Sun had announced Taro’s acquisition in May 2007. Taro’s main market is the US, which contributes to over three-fourths of revenue. As of December 2007, dermatology and topical products contributed to 67% of sales, while cardiovascular contributed 12%, with the rest coming from anti-inflammatory, neuro-psychiatric and others. Sun’s aim was to add Taro’s complementary categories such as dermatology to its own and benefit from cost synergies.
Based on pro forma numbers, Taro’s income in the first half ended June was $187 million, up by around 3% over the year-ago period, while its operating income was up by around 6%. The June quarter numbers were unimpressive, affecting its half year results.
Taro’s annualized 2010 sales could potentially add around one-third to Sun’s estimated revenue of around Rs 4,800 crore.

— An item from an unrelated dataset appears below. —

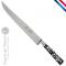 La collection "Pépite" affirme sa "French touch". Cette gamme propose une qualité d'acier supérieur ainsi que des manches transparents qui laissent apparaitre des incrustations de feuilles d'argent. Le label "esprit de Thiers" reconnaît leur qualité. Utilisé avec une fourchette chef ou courbe, le Yatagan permet de découper finement de la viande ou de la volaille. Caractéristiques techniques » Taille : 20 cm » Poids : 120 gr » Série forgée inox » Manche conique avec incrustation d'argent » 3 rivets Inox » Garantie Lave-vaisselle»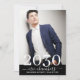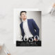 Une année de classe de graduation audacieuse en blanc, avec une photo de graduation moderne chic avec le nom de script overlay invitation partie. Ajoutez vos photos de graduation créative. Convient pour le collège ou le lycée. Style individualiste créatif.

But that also depends on how soon it can actually close the acquisition and the eventual stake it ends up with in the company. More importantly, Taro’s numbers are pro forma figures and audited figures are available only till 2007. An audit could result in a change in these financials as well.
Sun currently holds a 36.4% equity stake and a 24.3% voting right in Taro. In the next stage, it will have to pay $36 million to the promoters, exercising its option to acquire their stake in the company. If they choose to go to court, however, it may cause further delay. The open offer will proceed at the original offer price of $7.75 a share with an outlay of $156 million. The current market price is higher at around $11.50, so Taro’s shareholders may not sell.
With zero acceptance also, Sun will still be left with an equity stake of 48% and a voting right of 65%. It may have to cross a few more obstacles in the form of residual litigation, or any new ones. But it has won the major battle, and it appears to be a matter of time before it gets control. That will blow away one big uncertainty. Shareholders will now await news on Caraco resolving its issues with FDA.